Qui est qui?

Nantes Métropole a connu de grands changement internes depuis 10 ans. Ne serait-ce déjà de réunir les services de la métropole avec la Mairie de Nantes. Certains services ont fait appel à nous pour 150 de leurs agents et les offre de services en interne qui sont proposés à ces agents. Cette offre a été repensée et co-construite en amont avec les chefs de service et les agents. Elles existaient auparavant, mais les agents n’avaient pas le réflexe de consulter les fiches « méthodes » pour suivre les procédures. Les fiches étaient plus compliquées à comprendre et souvent méconnues.

Un bon icebreaker “Simple comme bonjour” pour briser la glace et ensuite Marie Ange Nardi et Pepita nous ont présenté Le Qui est qui ? Mais siiiiii tu sais, c’est ce jeu inventé en 1996 où il fallait deviner le métier des participants, en leur faisant faire une démo du job. Et ben voilà, les interlocuteurs étaient sur scène et les volontaires, aidés du public, devaient remettre les bonnes pancartes aux bons interlocuteurs.

Allons plus loin encore. Faisons vivre à chacun des cas de figures concrets d’offre de service. Le world café a permit d’aller plus loin dans la remise en question des process internes. Les équipes devaient vivre l’expérience de l’utilisation du service, avec sa vision et ce qu’elles imaginent de l’offre. Les producteurs du service, présents dans le public, pouvaient ainsi se rendre compte de la compréhension (ou non) des usagers et de la différence de méthodes des autres services. Et permettre à ce public de savoir à qui on doit s’adresser.

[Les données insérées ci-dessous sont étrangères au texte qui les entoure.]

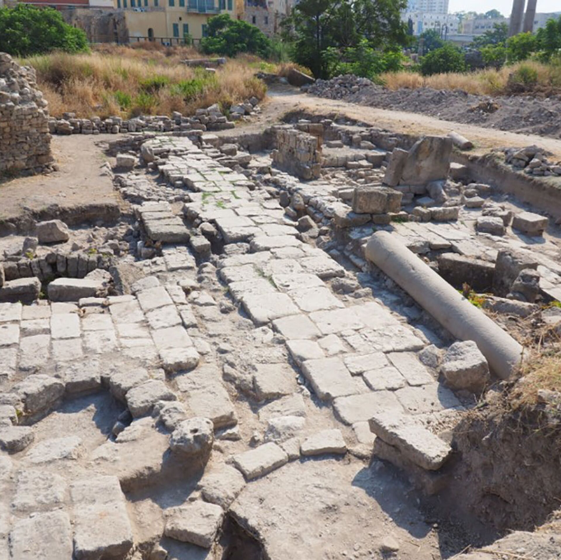 A equipe descobriu uma estrada romana de aproximadamente 4 metros de largura com pórticos e edifícios em cada lado. Os pesquisadores conseguiram escavar as adegas de dois dos edifícios que ladeiam a estrada. Nos pátios traseiros das casas, existiam

Cette grande matinée a eu pour but de faire le lien entre interlocuteurs et offres de services, mettre un visage parfois sur une voix au bout du fil. En somme apprendre à se connaître, à faire découvrir aux agents 19 offres de services mises à leur disposition et à celles des usagers. Mais pas que. Ce séminaire était aussi un test pour favoriser l’écoute, continuer la co-construction en y associant le regard expert des agents producteurs, à l’œil extérieur des agents utilisateurs, favoriser le partage d’informations, rendre les offres plus ludiques et conviviales en terme de support de com, apporter pertinence et clarté aux offres formulées et les repenser, au besoin, dans le second temps de la matinée.
En gros : repartir avec une mine d’informations et changer sa vision des choses.

Toutefois, au niveau personnel, tous les participants ne l’ont pas vécu de la même manière. En est ressorti des choses méconnues de la direction en terme de souci ou besoins, les attentes étaient plus claires pour d’autres concernant les usagers des offres, ça a permit de confirmer que certaines manières de faire étaient bonnes, ça en a bousculé d’autres qui ne s’attendaient pas à voir un tel changement dans leur travail. Nos méthodes étaient toutes nouvelles pour eux donc beaucoup de choses à intégrer. Découvrir aussi des personnes plus du tout à l’aise dans leur poste, des souci d’écoute de certains managers, trop d’informations descendantes et peu de place à la prise d’initiative, une culture de l’erreur et de l’apprentissage inexistante parfois…

C’est là toute la difficulté de la Fonction publique qui n’a pas nécessairement les codes de ce qui existe ailleurs en terme d’évolution de poste, de bien être, de management, d’agilité… Une matinée comme celle ci nous fait gagner en empathie et prendre conscience qu’il y a encore du chemin à faire pour venir aider des collaborateurs en difficulté, parfois en souffrance, d’un système qui doit tout simplement être révolutionné et refondu. Quand ça bouscule comme ça, qu’on a des retours de personnes remuées, c’est pour nous très positif car on vient de semer une graine. Prenons le temps ensuite qu’il faut pour la faire fleurir et ouvrir son esprit à de nouvelles méthodes.

Un bémol toutefois dans l’appel d’offre et le cahier des charges qui nous a été donné initialement. En effet, si nous avions su l’ampleur des problèmes de communication et même de santé pour certains au vu d’un management peu bienveillant, nous n’aurions pas proposé ce type d’animation. Il est parfois difficile d’avoir un commanditaire qui est clairvoyant sur sa propre situation, et ne nous dépeint  pas les “dégâts” comme il le sont, mais avec sa vison erronée. C’était le cas pour cette action, car la difficulté d’un appel d’offre, c’est de considérer que pour une situation comme celle ci, on fait simplement appel à un fournisseur quelconque et un cahier des charges quelconque. Sans répondre réellement à nos questions afin d’être en posture de “décisionnaire”. Se laisser porter par notre conseil dès le devis, est une forme de lâcher prise.